(Beginning of Data section)

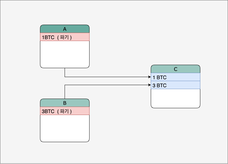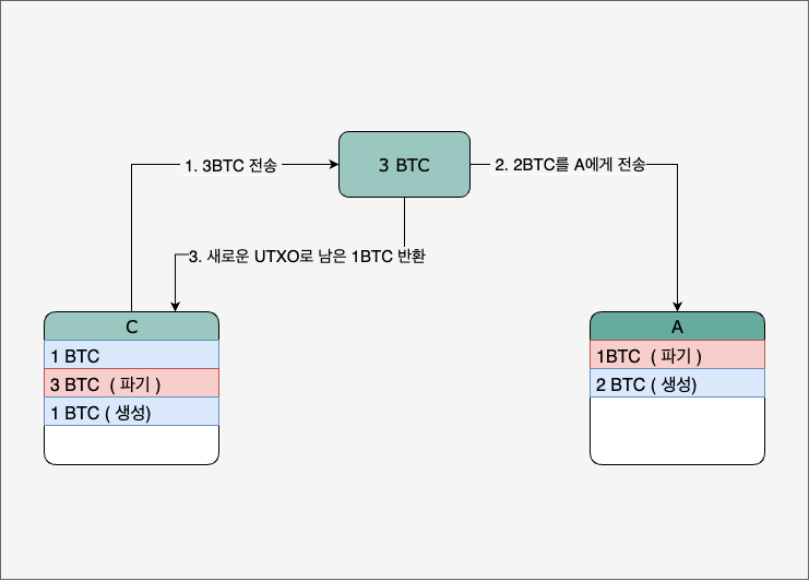 이후 C가 다시 A에게 2 BTC를 주게 된다면, C는 가지고 있던 1 BTC와 3 BTC 중 3 BTC를 사용하여 2 BTC를 보낸 후 남은 1 BTC를 새로운 UTXO로 다시 반환받는다. 그리고 기존의 사용한 3 BTC UTXO는 파기가 된다.
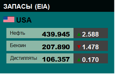 Цены на нефть снижаются после выхода данных о недельном изменении запасов энергоресурса в США. Стоимость ноябрьских фьючерсов на нефть Brent на лондонской бирже ICE Futures к 17:55 мск в среду составляет $90,28 за баррель, что на $0,34 (0,38%) ниже цены на закрытие предыдущей сессии. Цена фьючерсов на нефть WTI на ноябрь на торгах Нью-Йоркской товарной биржи (NYMEX) составляет к этому времени $83,43 за баррель, что на $0,51 (0,61%) меньше итогового значения предыдущей сессии. |
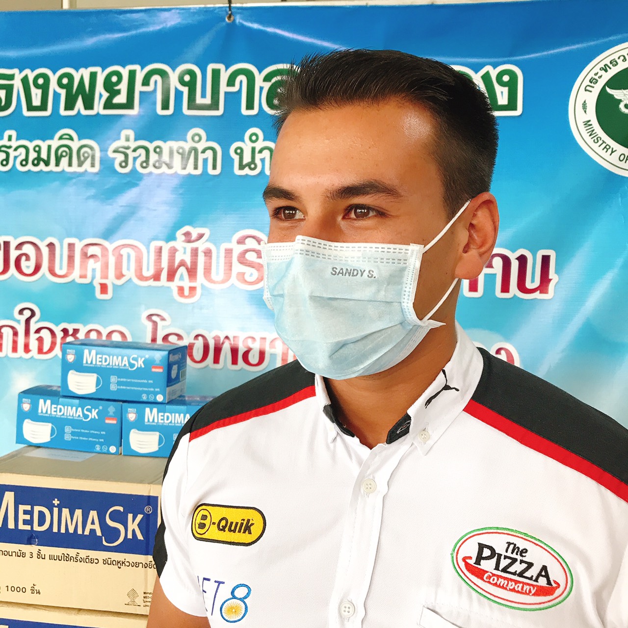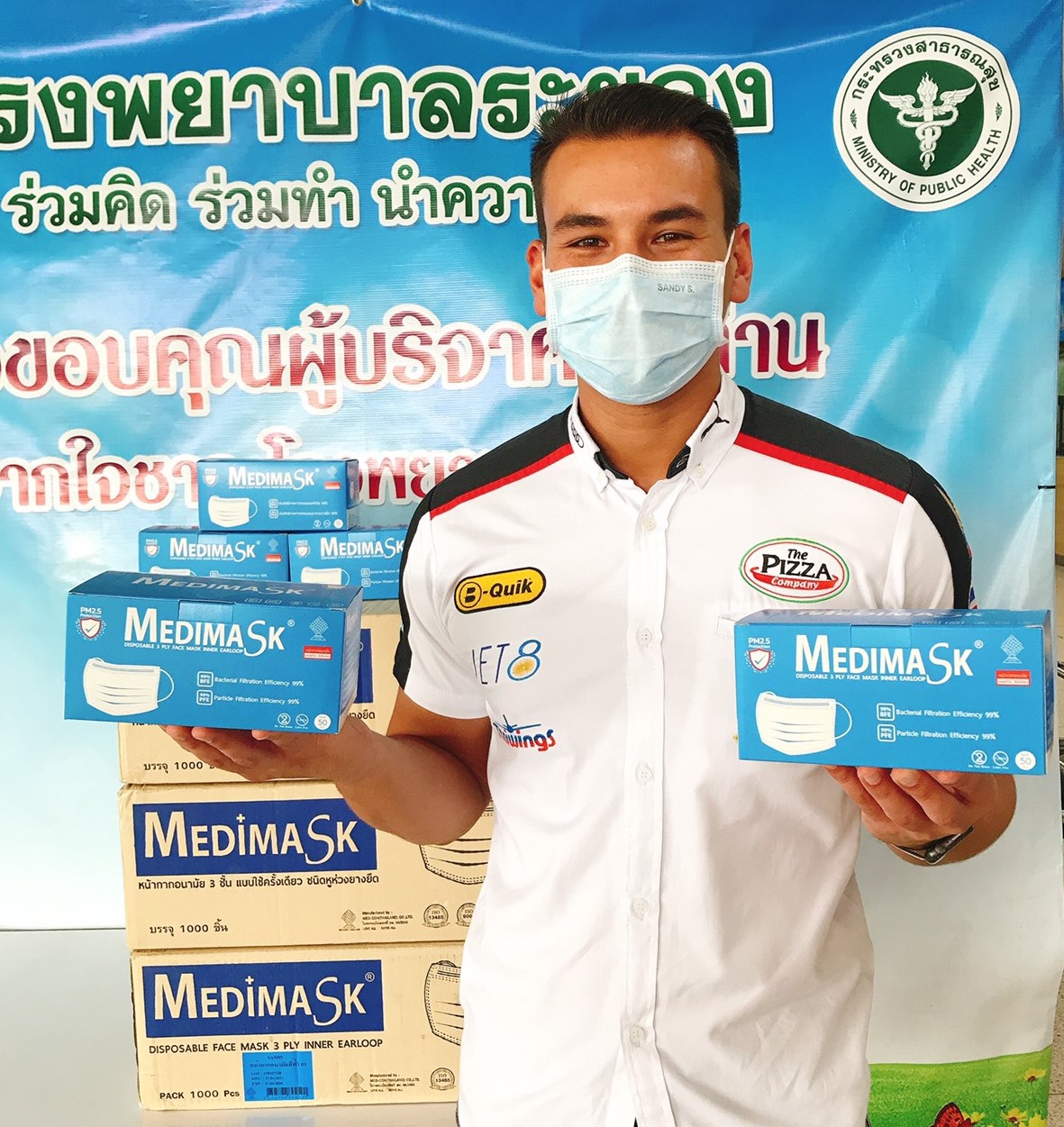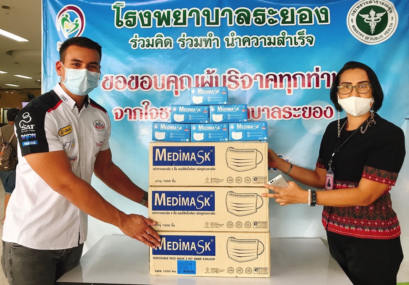 Sandy Kraokaew Stuvik, professional Thai racing driver and reigning Thai GT3 Champion who lives in the Rayong province has ordered 3,000 disposable medical face masks from Medimask, specially embossed with “Sandy S.”, to donate to the brave medical teams that are on the front lines of the Covid-19 pandemic. Sandy would like to be another source of encouragement for the medical teams at the Rayong hospitals. Today, Khun Suda Srilaong, Financial and Accounting of Rayong hospital was the representative to receive the masks.
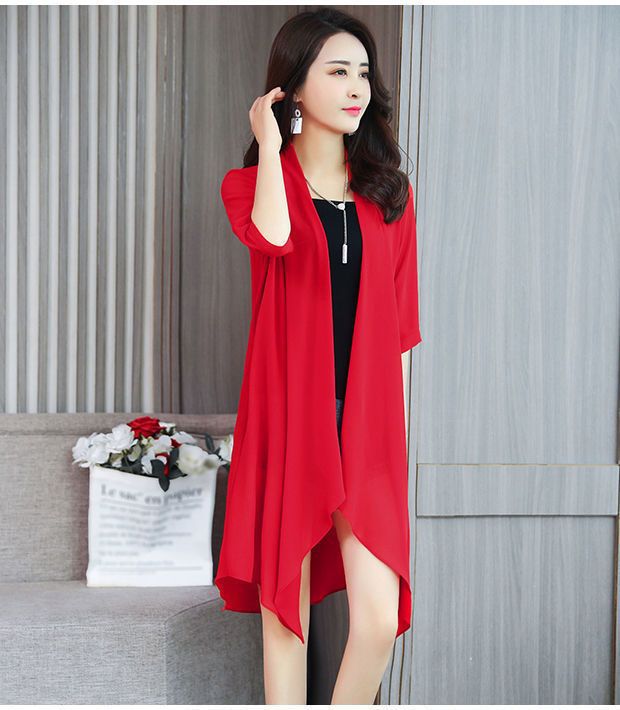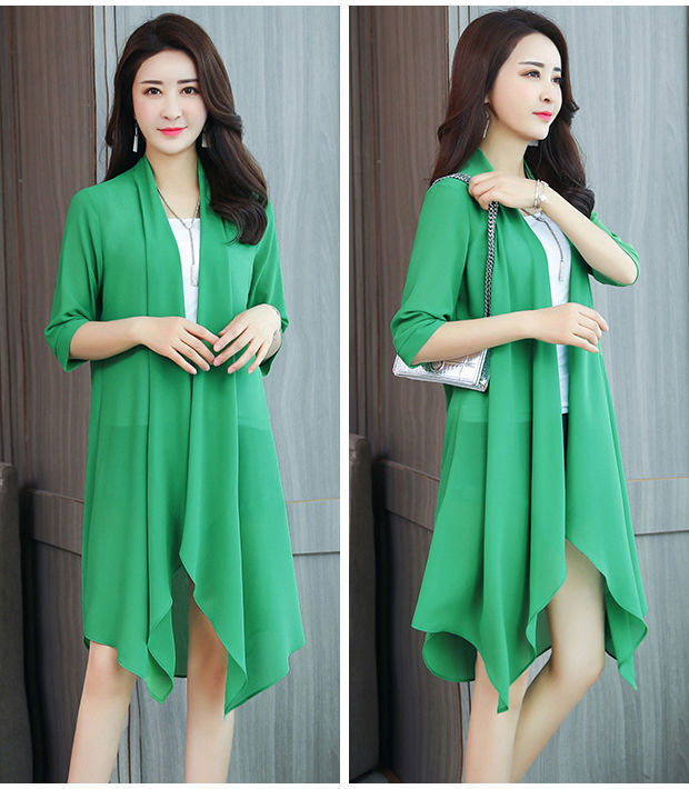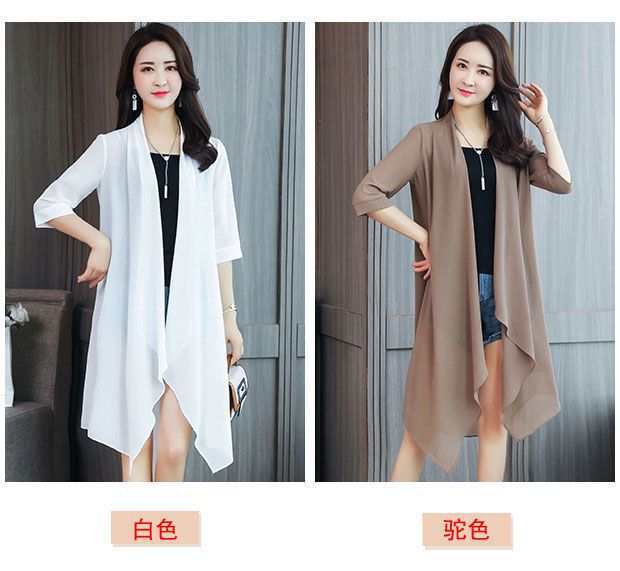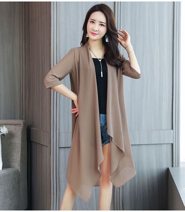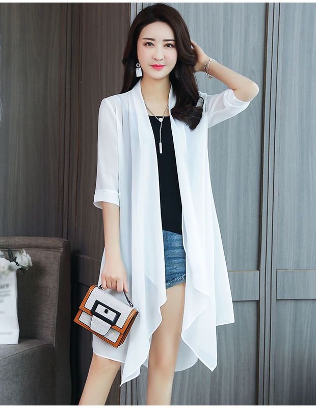 여성용 쉬폰 셔츠 2024 새로운 봄, 여름 스타일 숄, 중간 길이 가디건, 얇은 재킷스토어 가기
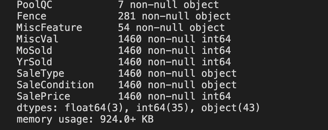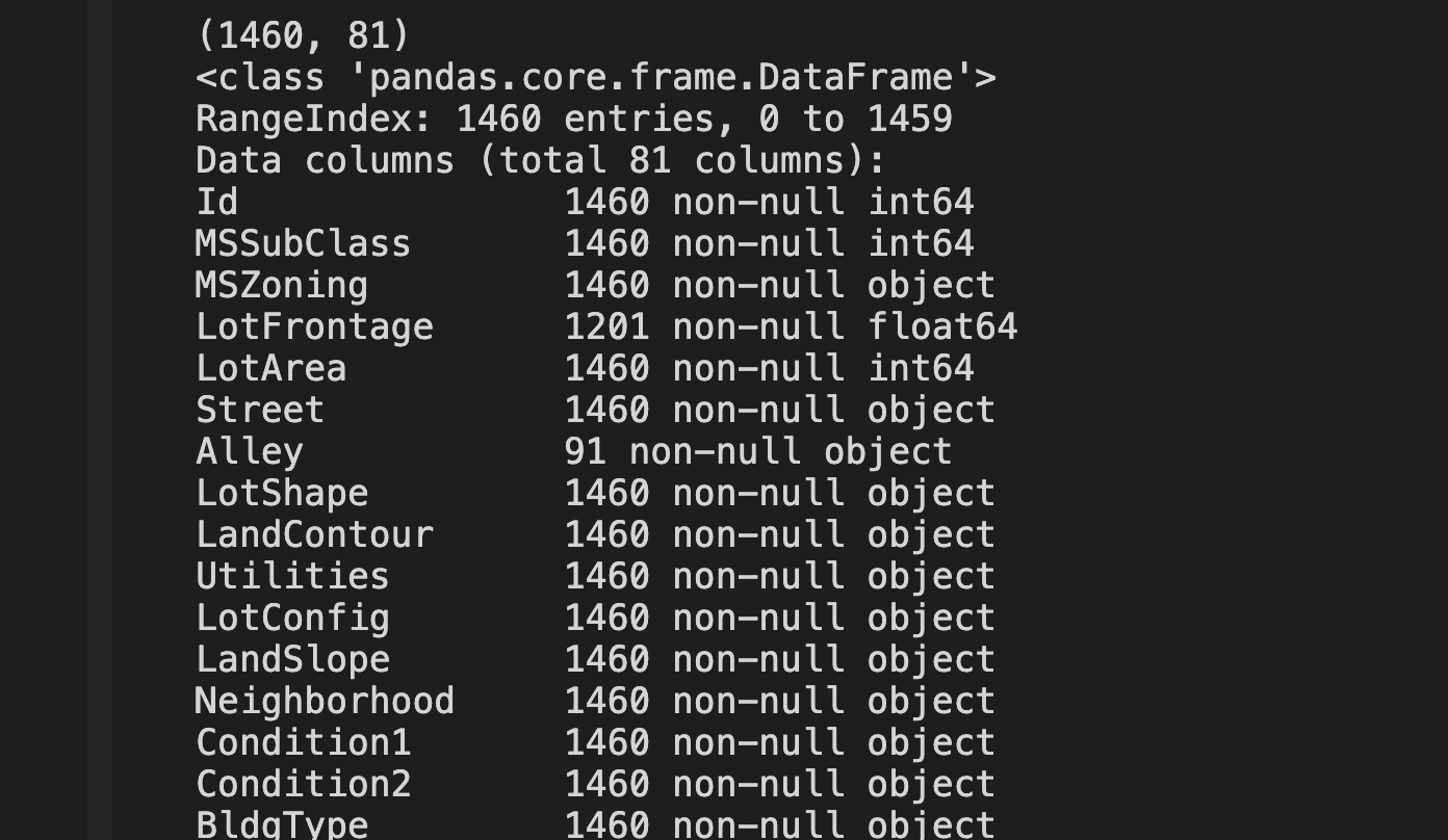 这里只截取了部分,可以看到训练数据是有1460条的,LotFrontage有1201个非空值,属于部分缺失,Alley这个数据只有91条非空值,属于严重缺失数据。有了这些信息,我们便可以进行处理了:

(End of Data section)

Exercise aim
Set down again, exactly, the lines of the material above from its first line to the one with "여성용 쉬폰 셔츠 2024", inclusive. Leave the pictures out.

Response to this exercise
 이후 C가 다시 A에게 2 BTC를 주게 된다면, C는 가지고 있던 1 BTC와 3 BTC 중 3 BTC를 사용하여 2 BTC를 보낸 후 남은 1 BTC를 새로운 UTXO로 다시 반환받는다. 그리고 기존의 사용한 3 BTC UTXO는 파기가 된다.
 Цены на нефть снижаются после выхода данных о недельном изменении запасов энергоресурса в США. Стоимость ноябрьских фьючерсов на нефть Brent на лондонской бирже ICE Futures к 17:55 мск в среду составляет $90,28 за баррель, что на $0,34 (0,38%) ниже цены на закрытие предыдущей сессии. Цена фьючерсов на нефть WTI на ноябрь на торгах Нью-Йоркской товарной биржи (NYMEX) составляет к этому времени $83,43 за баррель, что на $0,51 (0,61%) меньше итогового значения предыдущей сессии. |
 Sandy Kraokaew Stuvik, professional Thai racing driver and reigning Thai GT3 Champion who lives in the Rayong province has ordered 3,000 disposable medical face masks from Medimask, specially embossed with “Sandy S.”, to donate to the brave medical teams that are on the front lines of the Covid-19 pandemic. Sandy would like to be another source of encouragement for the medical teams at the Rayong hospitals. Today, Khun Suda Srilaong, Financial and Accounting of Rayong hospital was the representative to receive the masks.
 여성용 쉬폰 셔츠 2024 새로운 봄, 여름 스타일 숄, 중간 길이 가디건, 얇은 재킷스토어 가기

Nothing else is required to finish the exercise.